Incorrect answer for binary division involving two TaylorScalars

[facusapienza21]

Hi!

I encounter this undesirable behaviour as I was doing some TaylorDiff:

derivative(x -> 1 + 1/x, 1.0, Val(1)) 
# returns -1.0, correct answer

derivative(x -> (x+1)/x, 1.0, Val(1))
# returns -2.0, should return -1.0

# If we change the order of the operations, this last example works
derivative(x -> 1/x*(x+1), 1.0, Val(1))
# returns -1.0

It seems that TaylorDiff.jl cannot handle very well the division of TaylorScalars, which is even more evident by looking at the following example:

derivative(x -> x/x, 1.0, Val(1))
# returns -1.0, should return 0.0

This behaviour is the same as when operating directly with TaylorScalars:

x_ty = TaylorScalar((1.0, 1.0))
# TaylorScalar{Float64, 1}(1.0, (1.0,))

x_ty / x_ty
# TaylorScalar{Float64, 1}(1.0, (-1.0,))

I tried to find the origin of this bug but I couldn't find it... I checked on the definition of the ration between TaylorScalars and it seems right, although it is difficult to debug with the @immutable macro in the definition.

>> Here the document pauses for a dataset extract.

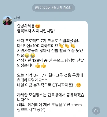 공식 일정은 끝났지만 지금도 우리 그룹은 포스트 한다로 모임을 이어가며 매일매일 'Day by day, in everyway, I'm getting better and better.'를 실행하며 돈독히 서로의 성장을 응원하며 지내고 있다. 강압과 불평이 가득한 주위 환경 속에서 찌그러져 살던 내가 선생님과 크루들 만나고 많이도 바뀌었다. 아무리 생각해도 이건 기적이다. 거절 미션을 알게 해 준 나의 샤이니 선생님을 만나게 된 것도 영광인데, 그 덕분에 나는 다른 공간과 시간을 살아가지만 나와 결이 같은 다양한 크루들을 만나게 되었고, 이야기를 나누며 내 생각도 커져가고, 또 그러면서 기존의 사람 정리가 자연스럽게 되면서 올해 내 운이 통째로 바뀌어 감을 느낀다. 나는 이렇게 만들어진 관계의 끈을 소중히 여기며 잔잔히 함께 걸어갈 것이다. 머지않은 날에 샤이니 샘과 크루들 초대해서 파란 잔디의 제주에서 골프 라운딩도 하고, 바다도 실컷 보며 비행기 시간 걱정 없이 지칠 때까지 밤새 웃고 이야기하며 서로의 미래를 같이 그리는 어느 유쾌한 날을 미리 생생하게 그리고 있다.

Happy to help debugging this! Definitively something that needs to be solved soon!

[tansongchen]

Thanks for mentioning this. Earlier this month, I tried refactoring the code to use a macro to build the instructions to manipulate Taylor polynomials, in order to reduce hard-to-read generated functions everywhere. However, this line /~https://github.com/JuliaDiff/TaylorDiff.jl/blob/main/src/utils.jl#L94 accidentally introduced the error you mentioned.

I will fix this soon!

[facusapienza21]

Thank you @tansongchen ! Yeah, it would be great to fix it soon, since I don't know how much this is currently affecting the higher-order derivatives I am computing ;)

[tansongchen]

Solved by 29b1312

[facusapienza21]

Thank you @tansongchen ! Can you give me some light on what exactly these part of the code does? Or if you have some external reference that may help me understand this, I will appreciate it!

[tansongchen]

Sure! Here are the breakdowns:

1. Each function marked with @immutable converts a regular function to a @generated function, which makes it possible to utilize the size (P) info at compile time. This is needed because in Julia there is no simple way to generate a fixed-size NTuple that is recursively defined (element $j$ depends on $1,\cdots,j-1$), so I do that by knowing size at compile time and handle it correspondingly;
2. In the @generated function, expressions are transformed with function process. During these transformations, $P + 1$ variables are created, calculated and, at the end, combined into a NTuple and converted to a TaylorScalar finally. Specifically, v[i] are "magic names" that mark variables to be generated. As a mental model, you can imagine that v is a mutable fixed size array (like std::array in C++) initialized to be all zero(T).

The incorrectness happens because I want to replace the first += or -= assignment to these variables to be = (or else they are undefined), however I forgot to handle the case where the first assignment to a variable is =. The diff in the commit above is only 1 line: take all assignments into account and remember the "legal" names to be added into.

These are hacky and might not be very robust, but did make the functions like *, /, exp easy to read and correspond better to mathematical formulas. If you find that it doesn't work in some scenarios, please let me know...

[tansongchen]

In addition, could you let me know what specific problems you are currently solving that require higher-order autodiff?

[facusapienza21]

Thank you for the clarification @tansongchen !

I recently started exploring higher-order AD and nested AD features in Julia. (See for example my recent project SphereUDE.jl, where the goal is to use UDEs to fit directional data with regularization. Sorry the docs are not updated, I will do soon!) I am in a very exploratory phase of applications of higher-order derivatives for other problems, for example to evaluate the smoothness of a given numerical solution.

Hopefully I will keep using the library and we can collaborate!

[tansongchen]

Thank you for introducing your project, it looks really cool! Sure, let me know if there's anything we can collaborate on.